- [PROBLEM TO WORK ON] Going line by line through the records below, write out everything starting with the line containing "第二聚合器设计模式, 一个A" and going on through the line containing "วัสดุการพิมพ์:ป้าย/P", exactly and inclusively. Pictures do not go in.

- [GIVEN ENTRIES]
===============
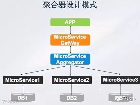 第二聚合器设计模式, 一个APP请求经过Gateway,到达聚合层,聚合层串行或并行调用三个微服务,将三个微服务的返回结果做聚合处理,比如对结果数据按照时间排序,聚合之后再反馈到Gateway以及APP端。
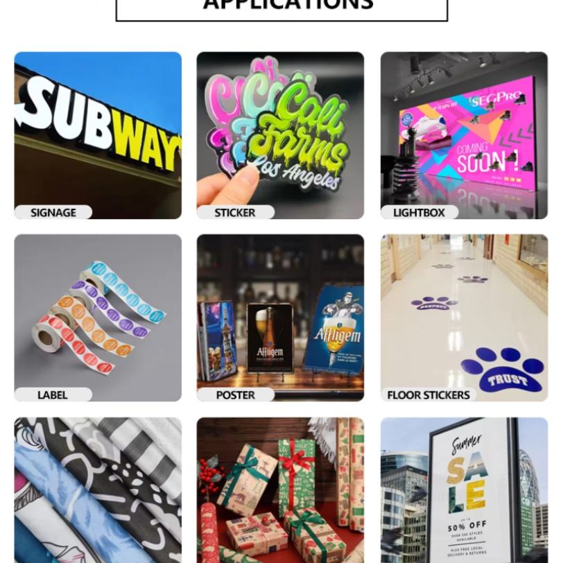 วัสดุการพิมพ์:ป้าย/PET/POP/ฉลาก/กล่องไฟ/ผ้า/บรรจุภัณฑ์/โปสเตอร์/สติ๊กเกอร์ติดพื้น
===============
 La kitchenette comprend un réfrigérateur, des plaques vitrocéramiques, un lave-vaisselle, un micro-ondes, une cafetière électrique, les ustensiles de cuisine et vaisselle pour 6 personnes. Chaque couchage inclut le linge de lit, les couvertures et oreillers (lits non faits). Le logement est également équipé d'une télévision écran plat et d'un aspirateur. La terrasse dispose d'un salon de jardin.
===============
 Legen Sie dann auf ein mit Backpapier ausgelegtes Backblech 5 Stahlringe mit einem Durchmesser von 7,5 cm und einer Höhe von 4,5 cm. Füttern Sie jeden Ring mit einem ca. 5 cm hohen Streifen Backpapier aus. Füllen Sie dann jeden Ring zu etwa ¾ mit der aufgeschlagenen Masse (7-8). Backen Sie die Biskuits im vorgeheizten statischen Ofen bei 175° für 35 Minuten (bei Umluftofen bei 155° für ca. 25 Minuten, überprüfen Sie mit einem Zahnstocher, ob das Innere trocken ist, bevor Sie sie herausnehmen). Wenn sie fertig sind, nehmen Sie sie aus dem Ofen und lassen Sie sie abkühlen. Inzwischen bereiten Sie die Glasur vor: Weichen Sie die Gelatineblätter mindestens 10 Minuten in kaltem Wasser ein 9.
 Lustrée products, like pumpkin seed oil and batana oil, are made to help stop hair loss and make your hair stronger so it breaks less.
===============
- [OUTPUT OF THE TASK]
 第二聚合器设计模式, 一个APP请求经过Gateway,到达聚合层,聚合层串行或并行调用三个微服务,将三个微服务的返回结果做聚合处理,比如对结果数据按照时间排序,聚合之后再反馈到Gateway以及APP端。
 วัสดุการพิมพ์:ป้าย/PET/POP/ฉลาก/กล่องไฟ/ผ้า/บรรจุภัณฑ์/โปสเตอร์/สติ๊กเกอร์ติดพื้น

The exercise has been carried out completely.